110 stem is sacrilege on a larger Colnago rrr:


----------



## Salsa_Lover (Jul 6, 2008)

On a serious note, a 0 offset seatpost should only be used if you had for example short femurs.

I think you probably need a smaller frame. notice how the Colnago head tubes could be more slanted than other geometries - depending on the size-, that goes together with the straight fork, so you probably need actually a shorter top tube than your cannondale.

Check the head tube angles.

HTH


----------



## kbwh (May 28, 2010)

Oh well...
Option 2: Change bars to a Zipp SSR bend. 70mm reach. Zipp - Speed Weaponry | Bars | Service Course CSL Bar

Following up on Salsa's serious note: Compensating for a long top tube by moving the seat forward is utterly wrong.


----------



## bikerjulio (Jan 19, 2010)

I checked the geometries and am having a little trouble understanding what OP's problem is.

C59 58cm VTT = 59.0cm
CAAD 60cm VTT=59.0cm

C59 HT = 20.2cm
CAAD HT = 19.0cm

C59 ST angle 72.75deg
CAAD ST angle 72.5deg.

so yes - it's similar to a 60cm CAAD except for the 1/4 deg difference in ST angle. Is that the issue?


----------



## Salsa_Lover (Jul 6, 2008)

bikerjulio, do you have head tube angle info ?


----------



## kbwh (May 28, 2010)

C59 front-center: 614mm
CAAD9 front-center: 610mm

Colnago measures direct path versus Cannondale's horizontal. Should make no difference.

Question to ronderman: Same bars, stem and _comandi_ on both bikes?


----------



## ronderman (May 17, 2010)

kbwh said:


> C59 front-center: 614mm
> CAAD9 front-center: 610mm
> 
> Colnago measures direct path versus Cannondale's horizontal. Should make no difference.
> ...


On the headtube angle, Colnago doesn't publish theres - but Cannondale is 73.5

To answer the question - yes - same cockpit setup, Deda Zero 100 bars stem 44cm/120mm with campy 11 hoods.

Now to be fair, I have been messing with saddles for the past year and have settled on the one I am using now (I think). I do have it pushed forward, but not a ton, but it's certainly not in the center, either. 

The bike also "feels" like my 62cm dale - which I was plenty fast on, too. I wonder, perhaps, if the thicker tubing on colnago makes it look bigger. I swear, if I switch my saddle to the arione, the bike "looks" better. I can ride that saddle fine, but I can not ride no handed and I highly doubt at 6'3" and broad shoulder and waist my sit bones are that narrow. 

This process has been driving me up a WALL. :mad2:


----------



## ronderman (May 17, 2010)

*Here is a pic*

Here is a picture of the setup and a closeup of the saddle.

What say, you.


----------



## kbwh (May 28, 2010)

I say that's a weird handlebar angle.


----------



## Salsa_Lover (Jul 6, 2008)

The saddle looks a bit more forward than mine, but this is meaningless for you. 

How is the fit for you?

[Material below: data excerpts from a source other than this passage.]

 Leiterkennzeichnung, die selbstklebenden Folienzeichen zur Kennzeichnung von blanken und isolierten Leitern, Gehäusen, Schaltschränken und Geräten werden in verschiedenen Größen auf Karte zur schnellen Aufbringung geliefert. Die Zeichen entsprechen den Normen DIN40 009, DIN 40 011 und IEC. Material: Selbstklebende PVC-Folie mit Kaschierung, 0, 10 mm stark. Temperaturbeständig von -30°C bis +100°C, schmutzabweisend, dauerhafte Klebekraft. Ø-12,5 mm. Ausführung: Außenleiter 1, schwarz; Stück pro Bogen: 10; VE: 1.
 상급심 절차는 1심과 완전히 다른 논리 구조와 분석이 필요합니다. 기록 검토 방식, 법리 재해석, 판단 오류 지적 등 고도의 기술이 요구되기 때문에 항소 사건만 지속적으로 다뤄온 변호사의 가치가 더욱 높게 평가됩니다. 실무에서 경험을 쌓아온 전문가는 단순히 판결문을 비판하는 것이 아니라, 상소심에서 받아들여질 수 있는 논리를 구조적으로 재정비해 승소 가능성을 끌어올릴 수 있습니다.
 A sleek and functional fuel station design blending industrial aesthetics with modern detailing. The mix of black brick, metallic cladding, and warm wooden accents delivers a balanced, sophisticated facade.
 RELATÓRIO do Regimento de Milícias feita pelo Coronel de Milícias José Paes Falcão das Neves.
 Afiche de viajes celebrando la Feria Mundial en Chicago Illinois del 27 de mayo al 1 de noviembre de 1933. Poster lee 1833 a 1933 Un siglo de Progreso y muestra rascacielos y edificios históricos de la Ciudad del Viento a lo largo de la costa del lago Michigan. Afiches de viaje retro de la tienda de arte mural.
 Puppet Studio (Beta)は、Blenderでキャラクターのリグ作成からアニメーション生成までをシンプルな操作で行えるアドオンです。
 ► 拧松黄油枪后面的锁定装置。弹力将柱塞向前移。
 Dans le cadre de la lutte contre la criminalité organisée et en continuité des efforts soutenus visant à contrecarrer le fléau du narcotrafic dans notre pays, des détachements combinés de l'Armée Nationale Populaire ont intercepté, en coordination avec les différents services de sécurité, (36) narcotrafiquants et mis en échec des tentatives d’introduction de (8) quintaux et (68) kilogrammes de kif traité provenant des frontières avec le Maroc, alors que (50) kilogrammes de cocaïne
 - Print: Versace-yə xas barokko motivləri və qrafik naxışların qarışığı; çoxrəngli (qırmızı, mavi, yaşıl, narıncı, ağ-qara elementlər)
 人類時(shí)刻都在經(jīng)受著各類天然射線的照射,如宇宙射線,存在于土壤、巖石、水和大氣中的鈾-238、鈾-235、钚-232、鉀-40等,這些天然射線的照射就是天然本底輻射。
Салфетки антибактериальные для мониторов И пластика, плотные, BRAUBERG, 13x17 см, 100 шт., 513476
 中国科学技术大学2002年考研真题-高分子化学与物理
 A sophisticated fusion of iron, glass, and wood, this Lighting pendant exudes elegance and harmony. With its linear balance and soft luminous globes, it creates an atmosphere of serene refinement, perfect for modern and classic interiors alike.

Are you sitting in the right place? Or are you too forward? Do your legs are in full extension ? Or do you have enough knee angle at the lowest point?

If you have your saddle too high, then you could lower it and at the same time put it more to the rear.

But those are answer only you, or your fitter, can determine.


----------



## ronderman (May 17, 2010)

kbwh said:


> I say that's a weird handlebar angle.


Hum, might be the angle. It's a zero ride stem - so it's flat - but the then the top tube slopes - so that's a little different. I have the levers mounted flat too, which is how I like them and most people do that too, though camera angles can through it off.

I may put a riser on there.


----------



## kbwh (May 28, 2010)

I made that comment from my phone. I don't think it looks weird on the big screen. Rolled rather upwards it is, but not weirdly.


----------



## Salsa_Lover (Jul 6, 2008)

handlebars look fine to me.


----------



## icsloppl (Aug 25, 2009)

Perhaps try -

Center the saddle on the post.
Drop the saddle height to compensate for the reach.
Drop the stem to compensate for the saddle drop.


----------